Практика в деревне Поленово
В летние каникулы практика для нас была очень важна. Она проходила в имении Василия Дмитриевича Поленова. Мы, конечно, жили не в имении – там был музей Поленова – а в деревне. У нас были палатки – отдельно для девочек, отдельно для мальчиков. По классам тоже распределялись, чтобы не было большого разрыва в возрасте. Удобств никаких. Но так красиво в замечательном лесу, на берегу реки Оки! Прекрасный берег на той стороне, открытое пространство. Деревушка Бёхово в двух шагах. Говорили, что церковь построена по проекту Поленова. В дождь наши палатки протекали, и мы сдвигали кровати, чтобы быть в более сухой части. Ночью обычно кто-то из ребят с хорошей памятью вспоминал классику, рассказывал какую-то книгу. Все слушали с большим интересом. Иногда, бывало, наоборот, дурака валяли. В Поленово дежурили на кухне по очереди. Дежурные чистили картошку, убирали столы и мыли посуду, получая положенную дополнительную порцию той же самой картошки. Раз в неделю по воскресеньям нас навещали родители, поскольку до Поленово сложно было добираться: сначала на катере, потом пешком.

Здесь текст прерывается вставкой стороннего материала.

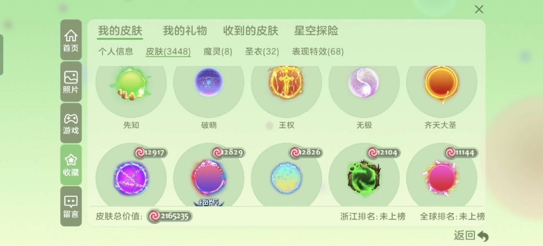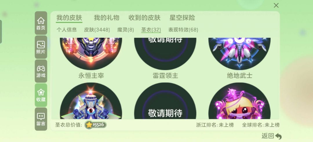 装备描述:魔法屋已开出破晓,三级占卜牌,抹茶水滴都有,有两个敬请期待,逃杀开局30个盾,内吐号,历史十赛季超神,吞噬特效超多

Когда я вспоминаю это время, то помню себя вечно голодным. Может быть, потому что я очень быстро рос и был вторым по росту в классе. Да я и не единственный, кто все время хотел есть. В результате в лагере ребята негласно разделились на две группы: на тех, кто был побогаче, капризничал и не ел общей пищи (они рассчитывали на то, что привозили родители), и на тех, кто к ним прикреплялся. В результате я съедал свою порцию и ту, которую отдавал мне Юлик Вечерский. В один прекрасный день, когда я был дежурным, приехала моя мама и привезла традиционную буханку черного хлеба. В результате я съел свою порцию, дополнительную за дежурство и порцию Юлика, а в конце еще буханку черного хлеба; и после этого впервые почувствовал, что абсолютно сыт.

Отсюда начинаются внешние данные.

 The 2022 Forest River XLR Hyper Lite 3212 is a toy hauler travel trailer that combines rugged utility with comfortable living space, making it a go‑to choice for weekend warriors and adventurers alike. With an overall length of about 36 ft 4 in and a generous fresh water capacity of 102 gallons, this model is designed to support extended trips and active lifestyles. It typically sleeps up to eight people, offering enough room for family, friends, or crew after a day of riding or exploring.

Именно в Поленово я познакомился с Олегом Васильевым. На этюдах сразу становилось понятно, поскольку писали с натуры, кто талантлив, а кто нет. Имя Олега Васильева сразу стало известно для всех нас, было видно, что вот он очень талантливый. У него были лучшие этюды с натуры, лучшие пейзажи. Слава его как бы обгоняла. Но я с ним не был знаком, только видел его, приходил, смотрел его пейзажи, которые сохли в комнате, пока он писал другие. Первое знакомство с ним вышло жутким. Ребята развлекались, что-то строили и разрубали топором пень. Довольно много людей, целая компания собралась вокруг. Я мимо проходил, совершенно этим не интересовался. И вдруг получилось, что они все разошлись по сторонам, какая-то щель между ними образовалась. Я увидел пень, руку Олега Васильева, державшую топор, которым он по другой руке ударил прямо по пальцам. Я чуть сознание не потерял, это было страшно. Но Олег даже не закричал, не заплакал. Так, помахал рукой в воздухе, пососал палец и сказал, что надо ехать в Тарусу в больницу. Его сразу отправили туда, там ему оказали первую помощь. Да, большой палец мог пострадать, если бы вовремя помощь не оказали. Но все заросло. Олег себя держал очень достойно. Вот это было как бы наше знакомство. Дружба завязалась потом, когда мы оказались в институте и уже стало понятно, что из себя каждый из нас представляет. Олег был удивительный, талантливый живописец. Такого второго у нас не было и сейчас нет.
Наши палатки соседствовали с военным лагерем, где обучались только что мобилизованные парни. У них проходили учения, разыгрывались сцены военной операции, солдаты должны были кричать «ура», а они кричали: «Молока-а-а-а!» Одновременно рядом находился лагерь, в котором содержались немецкие военнопленные. Они тихо-скромно там жили, что-то, видимо, строили и приходили к нам играть в футбол. Играли в основном они с командой дома отдыха Большого театра, который тоже был по соседству, где были молодые, здоровые парни, напористые такие. А немцы очень осторожно играли, боялись толкнуть, ударить игрока. И я им очень сочувствовал. Ну что можно было сказать? Во всяком случае, так или иначе болели мы все-таки за немцев. В этой игре они были нам симпатичнее. Несмотря на то что мой отец был убит, может быть, как раз кем-то из этих немцев, я тоже болел за них.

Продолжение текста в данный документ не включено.